The first airship was invented in France in 1850 by Pierre Jullien. The first steam-powered airship flew in 1852 and was invented by
Herni Giffard.[2]
The first round-trip in an airship was flown by Charles Renard and Arthur C.
Kribs in 1884. Renard and Kribs flew the electric motor-propelled La France for
8 kilometres. It wasn’t until after World War One that airships were capable of
commercial transatlantic flights. They were considered by some as a quicker and
cheaper way to cross an ocean than a ship. However, after the tragic
destruction of the Hindenburg airship in New Jersey in 1937, interest in
airships waned and was replaced by fixed-wing commercial aircraft.[3]
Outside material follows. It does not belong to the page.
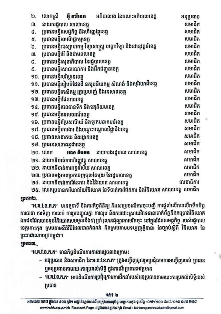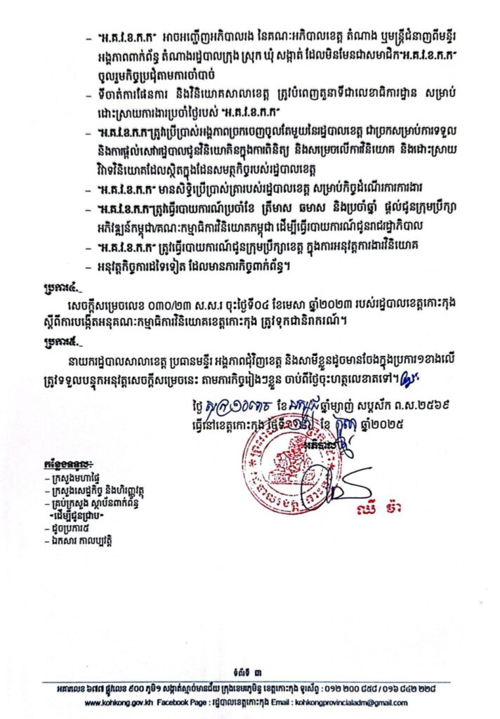សេចក្តីសម្រេច ស្តីពីការកែសម្រួលសមាសភាព អនុគណៈកម្មាធិការវិនិយោគខេត្តកោះកុង

Australia’s first airships were bought by Alan Bond in 1987
from the UK’s Airship Industries in Cardington (which Bond Corp owned).[4]
They were 16-seat vehicles equipped with two Porsche 930-67 piston engines and
painted in Swan Premium colours (Swan Brewery was owned by Bond.) They were
sourced from the UK, and flown over Fremantle during the America’s Cup, before
being utilised as a tourist attraction over Sydney later the same year.[5]
Bonds airships attracted controversy after offering $200 joyrides over Sydney
in 1987. The airship joyrides were short-lived after hundreds of complaints
about noise, privacy and advertisements for alcohol and tobacco.[6]
As a counterpoint to the conspiracy theory that the technology
was lost, Alan Birchmore said in a 1988 interview with Anne Burns,
Airships were overlooked for so long because the technology
wasn't there to make them work. They just had to wait in the queue for
technology to make the tough new materials available and a brilliant designer
to put them to work.[7]
Bonds airships were withdrawn from use in Australia in 1993.[8]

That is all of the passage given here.